Exercise description:
Exactly and only the lines from the one with "Découvrez la simplicité" through the end of the listing are to be transcribed, both ends included.

Supplied material:
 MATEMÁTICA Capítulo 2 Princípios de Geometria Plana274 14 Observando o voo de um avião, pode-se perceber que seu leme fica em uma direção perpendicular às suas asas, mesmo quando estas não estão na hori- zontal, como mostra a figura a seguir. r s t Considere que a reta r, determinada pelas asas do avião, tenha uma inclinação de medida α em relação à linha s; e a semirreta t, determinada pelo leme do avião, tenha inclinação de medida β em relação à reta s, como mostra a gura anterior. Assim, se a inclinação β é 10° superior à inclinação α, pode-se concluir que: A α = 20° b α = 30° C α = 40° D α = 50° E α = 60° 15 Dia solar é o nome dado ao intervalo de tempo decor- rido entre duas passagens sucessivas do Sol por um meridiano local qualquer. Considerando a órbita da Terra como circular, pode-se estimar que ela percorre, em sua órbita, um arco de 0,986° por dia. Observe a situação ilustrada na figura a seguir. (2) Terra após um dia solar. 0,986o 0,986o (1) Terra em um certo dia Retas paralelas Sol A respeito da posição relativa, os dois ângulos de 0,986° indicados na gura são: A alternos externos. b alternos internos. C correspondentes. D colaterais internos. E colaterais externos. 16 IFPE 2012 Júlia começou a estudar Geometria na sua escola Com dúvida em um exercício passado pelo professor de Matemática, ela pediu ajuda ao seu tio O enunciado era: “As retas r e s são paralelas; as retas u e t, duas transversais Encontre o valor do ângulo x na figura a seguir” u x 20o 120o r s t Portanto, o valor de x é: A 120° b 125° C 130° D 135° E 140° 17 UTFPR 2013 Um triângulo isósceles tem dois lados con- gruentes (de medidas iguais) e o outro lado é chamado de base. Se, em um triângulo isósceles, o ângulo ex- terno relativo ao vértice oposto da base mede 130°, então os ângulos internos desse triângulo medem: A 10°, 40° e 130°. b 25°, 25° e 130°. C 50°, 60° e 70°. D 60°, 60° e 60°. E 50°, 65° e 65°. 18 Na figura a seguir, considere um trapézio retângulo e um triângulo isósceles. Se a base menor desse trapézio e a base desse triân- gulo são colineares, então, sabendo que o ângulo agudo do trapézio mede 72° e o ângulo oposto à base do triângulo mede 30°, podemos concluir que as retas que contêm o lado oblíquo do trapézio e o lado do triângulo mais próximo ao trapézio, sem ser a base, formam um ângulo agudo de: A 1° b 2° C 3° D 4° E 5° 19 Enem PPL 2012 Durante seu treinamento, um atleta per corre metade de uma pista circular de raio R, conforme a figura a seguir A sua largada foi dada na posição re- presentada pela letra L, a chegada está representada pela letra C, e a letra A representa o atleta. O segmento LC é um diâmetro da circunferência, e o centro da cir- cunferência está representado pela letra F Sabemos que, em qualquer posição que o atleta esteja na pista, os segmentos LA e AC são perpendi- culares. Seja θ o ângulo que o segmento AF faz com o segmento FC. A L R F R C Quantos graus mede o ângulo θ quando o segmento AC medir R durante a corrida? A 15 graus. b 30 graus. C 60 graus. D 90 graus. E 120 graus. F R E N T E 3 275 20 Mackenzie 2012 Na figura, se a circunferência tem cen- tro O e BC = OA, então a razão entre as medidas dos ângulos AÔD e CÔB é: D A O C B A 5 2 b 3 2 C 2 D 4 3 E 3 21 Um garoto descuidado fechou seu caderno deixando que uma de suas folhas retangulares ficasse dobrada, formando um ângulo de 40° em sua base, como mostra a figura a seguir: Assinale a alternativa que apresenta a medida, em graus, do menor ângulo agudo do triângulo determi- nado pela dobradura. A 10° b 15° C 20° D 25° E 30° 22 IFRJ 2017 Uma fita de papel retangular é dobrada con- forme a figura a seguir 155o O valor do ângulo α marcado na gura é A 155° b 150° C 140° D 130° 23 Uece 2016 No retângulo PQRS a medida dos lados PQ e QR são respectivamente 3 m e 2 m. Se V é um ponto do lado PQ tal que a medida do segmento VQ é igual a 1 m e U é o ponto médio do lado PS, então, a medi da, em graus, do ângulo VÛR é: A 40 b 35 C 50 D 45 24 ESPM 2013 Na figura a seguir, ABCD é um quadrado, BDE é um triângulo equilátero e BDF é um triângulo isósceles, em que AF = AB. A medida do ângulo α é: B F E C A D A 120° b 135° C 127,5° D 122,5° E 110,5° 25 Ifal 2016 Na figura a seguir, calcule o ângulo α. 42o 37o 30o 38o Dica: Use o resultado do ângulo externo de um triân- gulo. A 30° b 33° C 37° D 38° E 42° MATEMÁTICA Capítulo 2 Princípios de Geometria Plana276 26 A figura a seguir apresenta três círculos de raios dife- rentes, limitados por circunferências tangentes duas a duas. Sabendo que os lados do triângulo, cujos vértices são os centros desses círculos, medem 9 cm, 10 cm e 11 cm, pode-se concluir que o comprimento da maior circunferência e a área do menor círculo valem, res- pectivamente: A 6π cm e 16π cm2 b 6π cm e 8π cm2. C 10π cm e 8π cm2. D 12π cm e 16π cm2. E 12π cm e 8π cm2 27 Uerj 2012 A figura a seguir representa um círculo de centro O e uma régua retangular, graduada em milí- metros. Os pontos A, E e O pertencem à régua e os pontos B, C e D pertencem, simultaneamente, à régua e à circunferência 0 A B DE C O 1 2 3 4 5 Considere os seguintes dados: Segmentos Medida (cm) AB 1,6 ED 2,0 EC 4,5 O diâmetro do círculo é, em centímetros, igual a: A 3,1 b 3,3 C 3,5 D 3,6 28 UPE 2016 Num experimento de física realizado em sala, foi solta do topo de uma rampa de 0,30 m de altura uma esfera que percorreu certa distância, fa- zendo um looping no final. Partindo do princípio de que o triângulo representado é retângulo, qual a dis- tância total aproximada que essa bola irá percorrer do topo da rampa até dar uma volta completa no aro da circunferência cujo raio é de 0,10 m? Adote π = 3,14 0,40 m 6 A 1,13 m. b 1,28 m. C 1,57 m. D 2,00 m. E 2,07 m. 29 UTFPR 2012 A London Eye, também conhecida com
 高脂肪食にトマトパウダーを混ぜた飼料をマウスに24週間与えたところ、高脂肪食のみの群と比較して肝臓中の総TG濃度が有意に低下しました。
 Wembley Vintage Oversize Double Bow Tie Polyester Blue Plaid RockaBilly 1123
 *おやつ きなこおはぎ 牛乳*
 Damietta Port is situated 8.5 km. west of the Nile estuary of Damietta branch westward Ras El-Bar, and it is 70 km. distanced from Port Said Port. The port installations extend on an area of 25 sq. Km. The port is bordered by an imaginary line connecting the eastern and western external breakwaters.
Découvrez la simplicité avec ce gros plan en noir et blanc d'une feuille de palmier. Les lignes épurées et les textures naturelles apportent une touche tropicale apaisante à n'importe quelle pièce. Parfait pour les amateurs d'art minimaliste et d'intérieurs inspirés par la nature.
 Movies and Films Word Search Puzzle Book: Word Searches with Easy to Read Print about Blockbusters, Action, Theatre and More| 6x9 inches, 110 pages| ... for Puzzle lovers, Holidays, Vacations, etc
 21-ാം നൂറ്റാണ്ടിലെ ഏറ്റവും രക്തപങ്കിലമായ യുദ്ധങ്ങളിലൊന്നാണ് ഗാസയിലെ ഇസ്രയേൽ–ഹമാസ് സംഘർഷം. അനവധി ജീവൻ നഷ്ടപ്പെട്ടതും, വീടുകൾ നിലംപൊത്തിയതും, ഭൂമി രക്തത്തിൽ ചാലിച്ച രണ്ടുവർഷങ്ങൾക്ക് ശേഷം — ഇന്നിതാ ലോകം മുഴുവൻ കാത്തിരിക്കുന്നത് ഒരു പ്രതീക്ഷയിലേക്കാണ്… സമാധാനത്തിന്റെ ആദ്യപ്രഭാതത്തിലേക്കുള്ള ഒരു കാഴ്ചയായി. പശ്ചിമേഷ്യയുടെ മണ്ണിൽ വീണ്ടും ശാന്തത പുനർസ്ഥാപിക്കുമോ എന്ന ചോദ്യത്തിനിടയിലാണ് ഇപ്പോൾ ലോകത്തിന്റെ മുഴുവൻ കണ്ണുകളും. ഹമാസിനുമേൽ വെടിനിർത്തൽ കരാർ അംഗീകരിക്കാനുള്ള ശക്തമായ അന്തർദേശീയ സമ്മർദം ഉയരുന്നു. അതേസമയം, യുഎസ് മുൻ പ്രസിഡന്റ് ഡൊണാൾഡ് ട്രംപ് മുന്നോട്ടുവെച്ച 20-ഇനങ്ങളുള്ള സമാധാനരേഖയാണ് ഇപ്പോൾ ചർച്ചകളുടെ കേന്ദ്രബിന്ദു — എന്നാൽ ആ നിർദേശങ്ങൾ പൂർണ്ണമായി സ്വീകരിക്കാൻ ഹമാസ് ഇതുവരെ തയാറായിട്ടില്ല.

Solution below:
Découvrez la simplicité avec ce gros plan en noir et blanc d'une feuille de palmier. Les lignes épurées et les textures naturelles apportent une touche tropicale apaisante à n'importe quelle pièce. Parfait pour les amateurs d'art minimaliste et d'intérieurs inspirés par la nature.
 Movies and Films Word Search Puzzle Book: Word Searches with Easy to Read Print about Blockbusters, Action, Theatre and More| 6x9 inches, 110 pages| ... for Puzzle lovers, Holidays, Vacations, etc
 21-ാം നൂറ്റാണ്ടിലെ ഏറ്റവും രക്തപങ്കിലമായ യുദ്ധങ്ങളിലൊന്നാണ് ഗാസയിലെ ഇസ്രയേൽ–ഹമാസ് സംഘർഷം. അനവധി ജീവൻ നഷ്ടപ്പെട്ടതും, വീടുകൾ നിലംപൊത്തിയതും, ഭൂമി രക്തത്തിൽ ചാലിച്ച രണ്ടുവർഷങ്ങൾക്ക് ശേഷം — ഇന്നിതാ ലോകം മുഴുവൻ കാത്തിരിക്കുന്നത് ഒരു പ്രതീക്ഷയിലേക്കാണ്… സമാധാനത്തിന്റെ ആദ്യപ്രഭാതത്തിലേക്കുള്ള ഒരു കാഴ്ചയായി. പശ്ചിമേഷ്യയുടെ മണ്ണിൽ വീണ്ടും ശാന്തത പുനർസ്ഥാപിക്കുമോ എന്ന ചോദ്യത്തിനിടയിലാണ് ഇപ്പോൾ ലോകത്തിന്റെ മുഴുവൻ കണ്ണുകളും. ഹമാസിനുമേൽ വെടിനിർത്തൽ കരാർ അംഗീകരിക്കാനുള്ള ശക്തമായ അന്തർദേശീയ സമ്മർദം ഉയരുന്നു. അതേസമയം, യുഎസ് മുൻ പ്രസിഡന്റ് ഡൊണാൾഡ് ട്രംപ് മുന്നോട്ടുവെച്ച 20-ഇനങ്ങളുള്ള സമാധാനരേഖയാണ് ഇപ്പോൾ ചർച്ചകളുടെ കേന്ദ്രബിന്ദു — എന്നാൽ ആ നിർദേശങ്ങൾ പൂർണ്ണമായി സ്വീകരിക്കാൻ ഹമാസ് ഇതുവരെ തയാറായിട്ടില്ല.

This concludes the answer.